Of course, not having met them, I'm unable to speak for sotise, centrifuge and tantris.
But geez it'd be great if they WERE middle-aged
Y'see I would DESPERATELY LIKE TO BE MIDDLE-AGED [have done for years and years], though I can see no other way to get there other than waiting.. for quite a while..
But all your adjectives excite me with a thrill of empathy, whilst your final noun (that nerd word) kinda makes me feel, I dunno, 'called-out but proud'.
Let's imagine I have painted, composed, written, & sculpted for the last decade, and issued 7 albums of original music.
How would you know?
But you're right - and I've got to thank you warmly and sincerely for pointing out that I've never created anything of cultural value.
Cheers friend. I appreciate the warmth of your approach.
(That's aside from your perspicacity)
You , I have the inkling, are some sort of a 'true & proper' cultural value-adder. I get that vibe.
I believe you may be 'a righteous dude' in this particular area. I'm reading between the lines I know, but for me, "no creative energies of your own" was setting off the alarm bells - mostly in the sensitivity/creativity plane..

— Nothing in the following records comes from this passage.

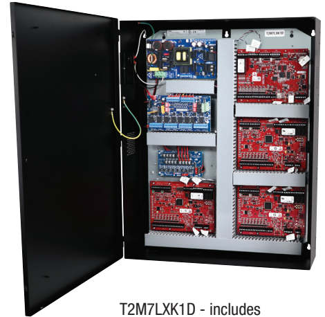
T2M7LXK1D - includes AL1024ULXB2, ACMS8CB, VR6, PDS8CB, wire harnesses and finger duct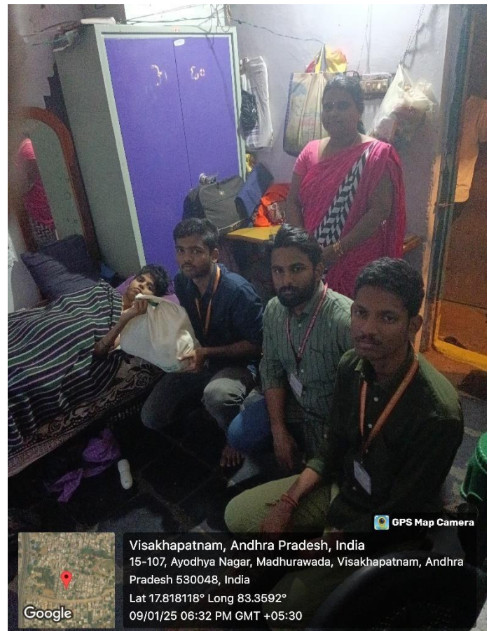
Distribution of Groceries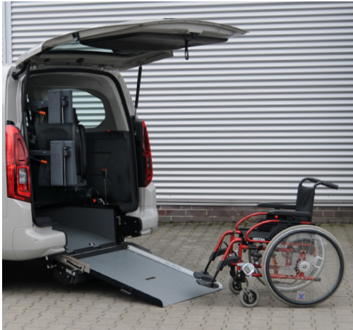
With the unfolded ramp the vehicle can be accessed comfortably with a wheelchair.

Speaking only for myself, you're quite right to perceptively notice my proclivity for scavenging over my revered idols.
And surely you must have access to my banking details to so precisely finger my enthusiasm for 'desecrating their memories by robbing them of their financial due'.

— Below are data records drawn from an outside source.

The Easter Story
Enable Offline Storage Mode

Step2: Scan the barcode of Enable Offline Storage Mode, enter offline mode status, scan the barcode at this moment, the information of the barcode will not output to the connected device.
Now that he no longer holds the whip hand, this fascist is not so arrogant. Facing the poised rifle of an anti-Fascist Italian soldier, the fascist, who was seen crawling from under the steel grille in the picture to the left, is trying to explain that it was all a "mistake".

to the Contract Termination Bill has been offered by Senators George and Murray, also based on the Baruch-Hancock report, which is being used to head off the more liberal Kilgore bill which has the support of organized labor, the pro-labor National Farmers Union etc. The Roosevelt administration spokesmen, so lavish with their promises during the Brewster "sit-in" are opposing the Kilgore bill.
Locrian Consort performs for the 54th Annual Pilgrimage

Just between you and I, the deader they are, the more I enjoy the desecration of the memory - financially speaking only of course.
Naturally, I am having difficulty desecrating Anthony Braxton's memory though, as he's not yet dead.

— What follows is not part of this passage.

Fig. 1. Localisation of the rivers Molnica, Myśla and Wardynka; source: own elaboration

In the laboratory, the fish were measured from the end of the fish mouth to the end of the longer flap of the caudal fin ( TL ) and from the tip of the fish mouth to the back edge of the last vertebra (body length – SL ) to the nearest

But you know me "Thurst'n" - AND you know those other guys too of course- the moment AB pulls up the curtain invisible, I'll be there (or here, or somewhere) giving my frivolous little mind free run of the course, scavenging and snuffling and sounding as sincere and acute as a schoolboy.
An eager one.
You get 2 1/2 points for the term "dank laxity", along with a teacher's annotation in red pen "Your own work?"
You DO NOT get the job at The Wire - sotise has this nailed as far as I can see - He combines some evident passion for the subject with heavy wordsmithery.
You take "dank laxity" down there and even their 'most serious' of journalists are going to be looking at you funny...
Look you can't finish a post by saying "You are fooling no-one" and then sign it 'Thirst'n more'
It just looks lame.
tantris -
ReplyDelete"I don't think anyone has a monopoly on the emotional response to music, seviceton"
"...and can only say what I feel and think"
Totally agreed - absolutely - never thought otherwise .
Yes.
Ahh - just what I was trying to say actually - or at least reference.
I think I have expressed myself poorly previously - apologies.
I do try to have some sort of crack at serious subjects, whilst hopefully retaining a pinch of humour here and there - sometimes people think it's taking the piss...
I dunno..
All we're all left with in the end (and the beginning) is what we think and feel - about music or any other artform.
And the qualitative assessment of artistic creation is what is devilishly tricky to assess or nail down.
Thus my attempt previous to reference Persig's 'Zen and the Art of Motorcycle Maintenance' with its apparent discussion of "The Metaphysics of quality."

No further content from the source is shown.